How good coffee becomes good business for African farmers
Around the world, more than 4 million smallholder coffee-farming families live below the poverty line. Without access to technical knowledge, professional processing and milling services, reliable markets or working capital, these farming families are forced to sell their coffee at low prices. Under these circumstances, it is extremely difficult for these farmers to escape poverty, despite the backbreaking work they put into their coffee harvests.
However, a project funded by the Bill and Melinda Gates Foundation and implemented by TechnoServe has proven successful in empowering East Africa’s smallholder coffee farmers to earn higher incomes and lift their families out of poverty. In Rwanda, Ethiopia, Kenya and Tanzania, the Coffee Initiative has helped thousands of farmers to enter the supply chain for specialty coffee and receive premiums on the coffee that they harvest.
As detailed in a new case study published by the Initiative for Smallholder Finance, the project succeeded because it worked with actors throughout the whole supply chain to create commercial relationships that ultimately benefited 195,408 smallholder farmers.
One-Stop Shop for Capital and Expertise. One key innovation in the project was the creation of a “coffee service provider model” in which TechnoServe empowered private coffee export companies to offer a variety of needed services to coffee cooperatives. TechnoServe worked with the coffee service providers to improve their access to credit and to build their capacity in quality assurance, business model administration and price risk management. These companies, in turn, sold processing and marketing services to coffee cooperatives, and also provided cooperatives and farmers with working capital.
Targeted Training.

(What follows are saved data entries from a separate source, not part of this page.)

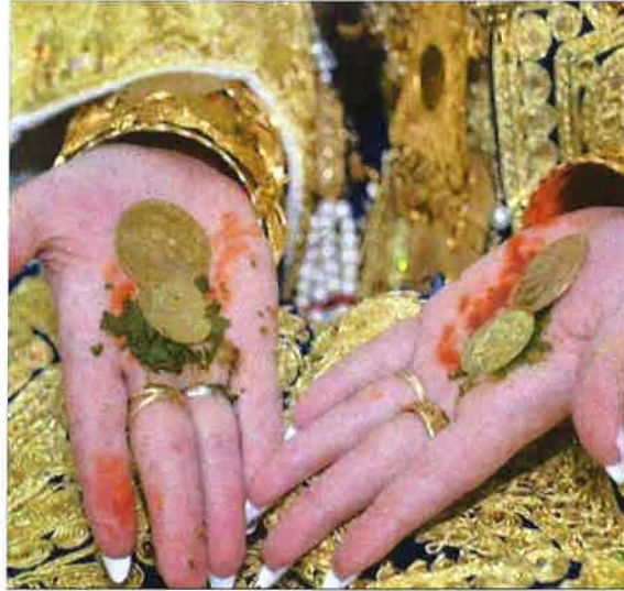
صورة توضح التحنية العروسة ووضع قطعتين من اللويز فوق الحنة (من عادات منطقة برج بوعريريج)

في التقاليد، عندما تحنى العروس يكون رأسها مغطى إحتشاما ووقارا، ولكي لا تؤذيها قوى الشر من عين أو حسد، وتحنى يدها ثم توضع في راحتها قطعة من ذهب (لويزة). وفي غياب هذه القطعة الثمينة، يوضع خاتم من ذهب. وعند القبائل، توضع قطعة من فضة وفي الصحراء توضع نواة من تمر للبركة.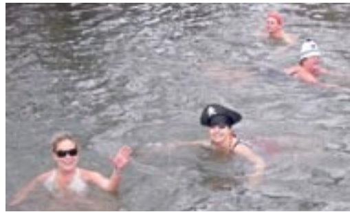
Při pohledu na milovníky koupání v ledové vodě mnohým přihlížejícím ještě více začaly mrznout uši a hledali rukavice, zatímco oni na ně z vody vesele mávali a volali.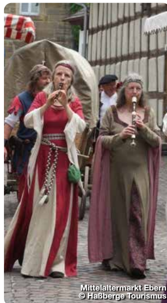
Mittelaltermarkt Ebern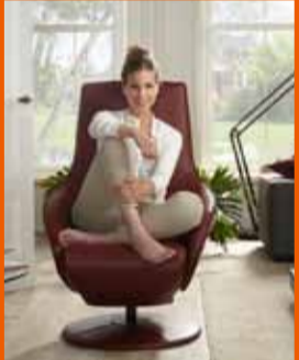
ISABELLA hægindasófi. Sjá nánar á lur.is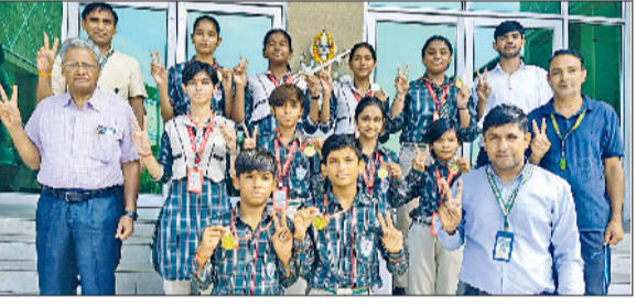
नारनौल। प्रतियोगिता के विजेता प्रतिभागियों के साथ स्कूल स्टाफ सदस्य।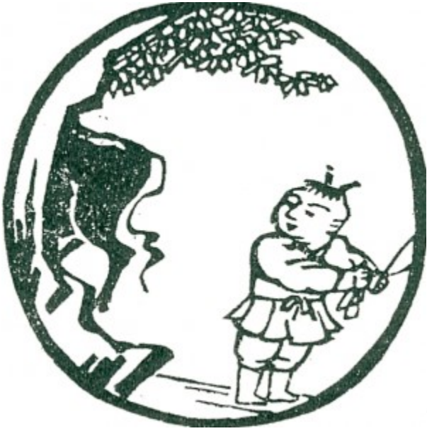
Tranh 2- Thấy Dấu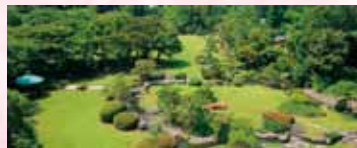
宇都宮グランドホテル歴史ある憩いの日本庭園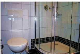
Blick in das Duschbad.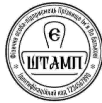
ФОП з лого-27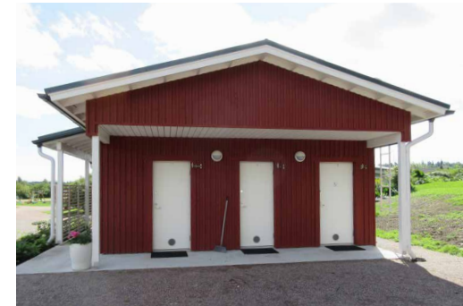
Uuden huoltorakennuksen vessat sijaitsevat vanhan huoltorakennuksen puoleisessa päädyssä. Kaikki kolme vessaa on tarkoitettu sekä naisille että miehille, oik. puolis on invavessa. Vanhan huoltorakennuksen kohdalla noudatetaan entistä käytäntöä: uuden huoltorakennuksen puoleiset kaksi vessaa ovat naisten vessoja ja rakennuksen toisella puolella sijaitsevat kaksi vessaa ovat miesten vessoja.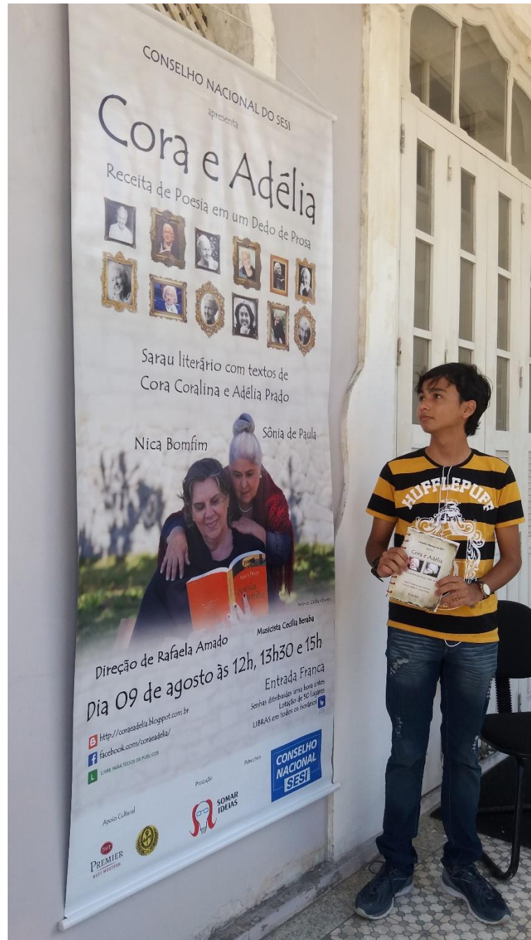
Figura B18 – Sarau na Academia Alagoana de Letras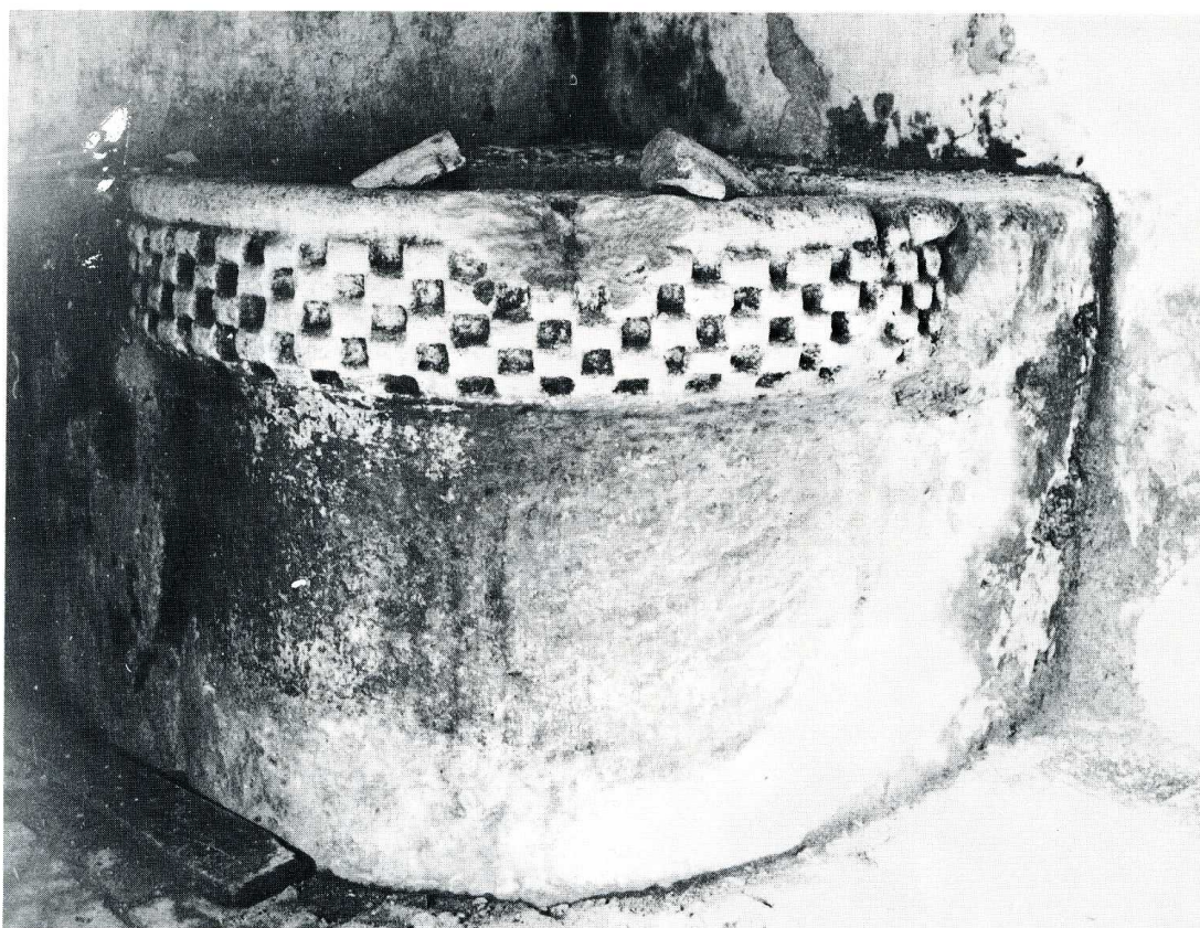
Miramont-Sensacq (Landes). Église paroissiale Saint-Jacques-de-Sensacq.

mériteraient une étude. L'architecture intérieure est d'une austérité voulue par la perfection de sa structure. La disposition du chevet droit mérite particulièrement l'admiration. Pour parer aux dangers procurés par la déclivité du terrain, ce chevet a été doublé d'une arcature aveugle. L'arcade centrale, également aveugle, rappelle d'autant plus un arc de triomphe que certains de ses éléments font largement saillie. On notera d'autre part les belles proportions des chapelles latérales terminées par des absides en plein cintre. Une cuve baptismale décorée de rangées de billettes est conservée dans l'angle nord-ouest de la nef. Presque tout l'édifice exige une mise hors d'eau soigneusement exécutée. Le devis se monte à 90 300 F. La Sauvegarde de l'Art Français a accordé une subvention de 50 000 F.

At the same time, TechnoServe established an education program—dubbed “farm college”—to provide smallholders with the technical training needed to sustainably harvest larger yields of high-quality coffee. Farmers who participated in the training increased the average size of their coffee harvests by 42%. The project also worked with coffee cooperatives to improve their operations and helped to establish 145 new wet mills to process the coffee.
Brewing Long-Term Business. The Coffee Initiative’s approach has proven to be self-sustaining because it provided incentives for a range of players across the value chain to continue working together. The smallholder farmers earn more, as they can sell the higher-quality beans for a premium to more reliable markets. (Beneficiaries of the program saw their coffee incomes increase by an average of 22% across the region, while that figure rose to 50% in Rwanda.) The coffee service providers, meanwhile, collect a percentage of the sales and thus have strong incentives to continue providing services and financing to the coffee farmers. And the financial institutions have gained a reliable customer base with a strong record of repayment, encouraging them to continue to provide financing.
Finally, coffee companies themselves–including some of the world’s largest roasters–are benefiting from this reliable supply of high-quality coffee beans. With a long-term interest in sustainable coffee production, many roasters are building the costs of technical assistance into their operations budgets. This diversified base of funding is laying the foundation for a successful exit strategy for donors and nonprofits.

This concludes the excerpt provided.